Wednesday, 20 April 2011

I-spy fly? Or I-see bee?


A little break from moths this morning to bring you the results of my aerial photography experiment with fly or bee-like insects which patrol our lawn. Needless to say, many blurred examples have been binned, but the one above is quite striking.

What are they? Does any kind reader know? I hope they may be bee-related because of all the fuss about bee health. But they don't look quite right.

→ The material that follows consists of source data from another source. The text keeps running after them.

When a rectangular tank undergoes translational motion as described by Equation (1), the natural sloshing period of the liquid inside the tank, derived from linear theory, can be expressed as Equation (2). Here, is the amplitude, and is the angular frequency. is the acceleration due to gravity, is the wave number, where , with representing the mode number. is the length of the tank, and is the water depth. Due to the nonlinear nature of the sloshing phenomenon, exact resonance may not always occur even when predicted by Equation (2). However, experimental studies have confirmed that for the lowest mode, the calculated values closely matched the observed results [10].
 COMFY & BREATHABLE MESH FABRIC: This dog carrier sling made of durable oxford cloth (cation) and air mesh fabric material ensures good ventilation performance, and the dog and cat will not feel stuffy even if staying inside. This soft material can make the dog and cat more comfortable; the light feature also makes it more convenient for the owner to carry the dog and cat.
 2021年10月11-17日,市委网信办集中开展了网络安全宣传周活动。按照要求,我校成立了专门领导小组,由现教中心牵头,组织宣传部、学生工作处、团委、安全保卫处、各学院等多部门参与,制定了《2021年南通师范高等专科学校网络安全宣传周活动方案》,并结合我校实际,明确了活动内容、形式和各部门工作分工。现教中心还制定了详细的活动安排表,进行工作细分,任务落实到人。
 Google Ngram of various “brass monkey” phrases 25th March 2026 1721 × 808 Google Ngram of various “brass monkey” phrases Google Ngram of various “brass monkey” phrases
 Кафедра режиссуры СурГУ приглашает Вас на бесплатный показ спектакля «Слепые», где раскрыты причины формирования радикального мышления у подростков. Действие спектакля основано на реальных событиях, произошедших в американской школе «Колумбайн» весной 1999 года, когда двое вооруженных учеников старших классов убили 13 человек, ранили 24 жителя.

Whatever they are, their future in Leeds looks healthy. See picture of a happy moment for two of them yesterday, below.

9 comments:

Phil said...

Hi Martin, Could be a drone fly,a bee-mimic whose larva is the delightful, aquatic rat-tailed maggot that has a breathing tube like a submarine snorkel. Envious of your picture - I've been trying to photograph one of these in flight for ages...

Martin said...

Oh Phil thanks so much - you are speedy! Hope you are keeping well too. I'm a very dodgy photographer so I'm sure you'll have no trouble. I out my Cannon Ixus on macro mode, the one with the little tulip symbol, then waited with finger on the click-button and I found that these flies, which have a hover mode and were already interested in me (as lunch?) came very close. Mind you, as I said in the post, there were a LOT of blurred ones.

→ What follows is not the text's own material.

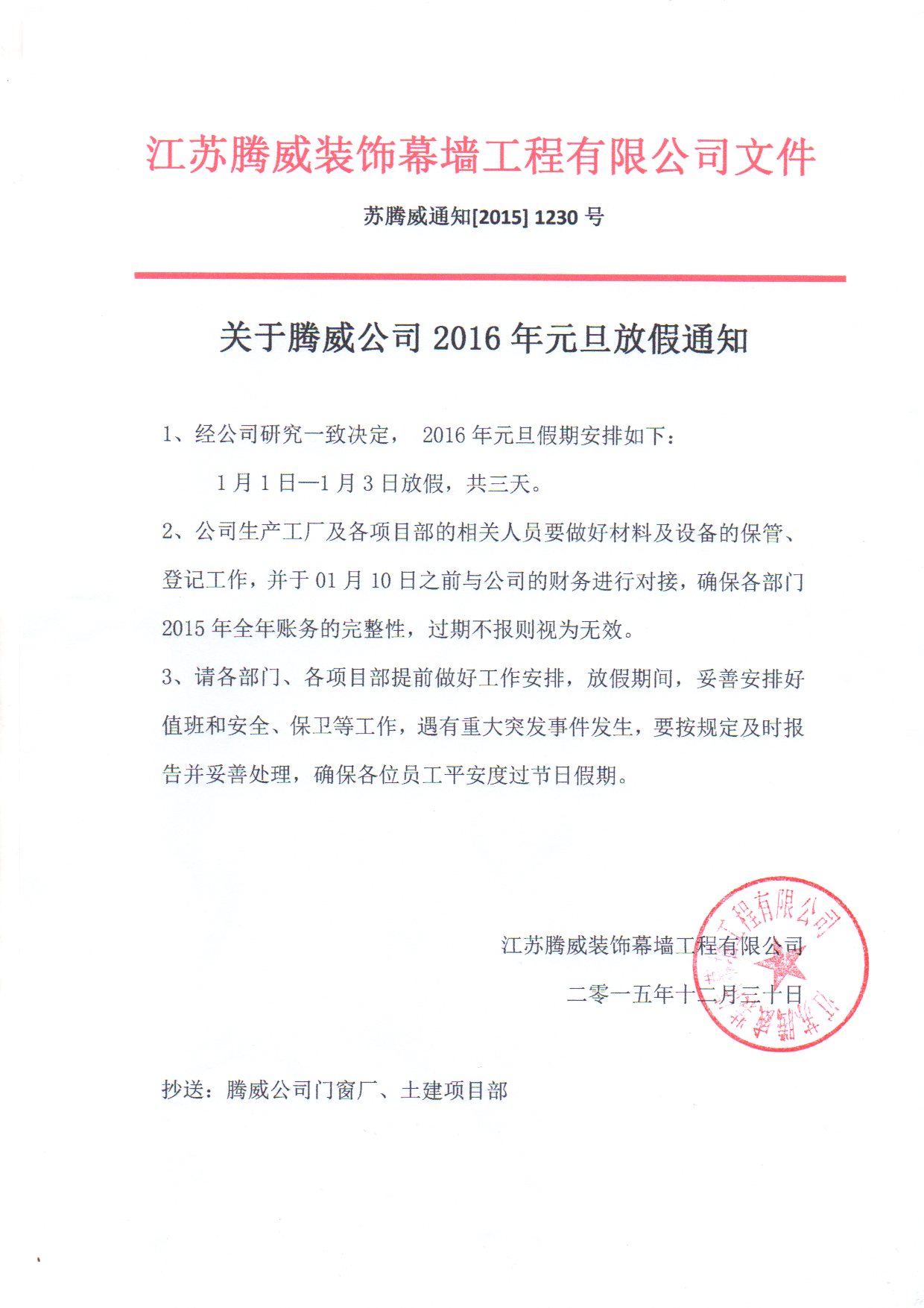 關于2016年元旦放假通知

I am very frustrated by Orange Tips and a blue - Holly I think - which are in the garden but never seem to rest. All v best M

worm said...

I think phil's right! Ferdinandea cuprea is another common bee-like hoverfly

Martin said...

Thanks Worm!

I am now Googling rat-tailed submarine maggots and Ferdinandea cuprea (who was Ferdinand I wonder?)

all v best

M

Iain Chambers said...

Brilliant picture!
Right...back to the moth editing...

Martin said...

I am rather proud of it Iain, I must admit. There are a whole lot more outside at the moment, posing in the sunshine, but I've got to work. Good luck with the editing - the programme is all down to Iain folks - and look out tomorrow for Harrison B - and more on your good self. All v best, Kate Middleton's almost-relative ie me.

JRandSue said...

Hi Martin.
I think the first image, is a Eristalis Tenax.
Drone Fly.
John.

Phil said...

Hi Martin, Got your message about the frog shortage. I think it must be a local problem as I haven't heard any reports of a widespread frog catastrophe - although someone I know in Derby lost all the frogs in their pond, possibly as a result of chytrid infection. It would be a bit late for them to turn up now - frogs tend to return to ponds well before toads. I had pretty good winter survival of frogs in my garden here in Durham and they produced plenty of spawn.

Martin said...

Thanks again everyone - got the Drone Fly named, much appreciated. Not the best of names, like Northern Drab among the moths, but there we go.

Thanks for the frogs info, Phil. We'll sit tight and hope some come back to us in due course.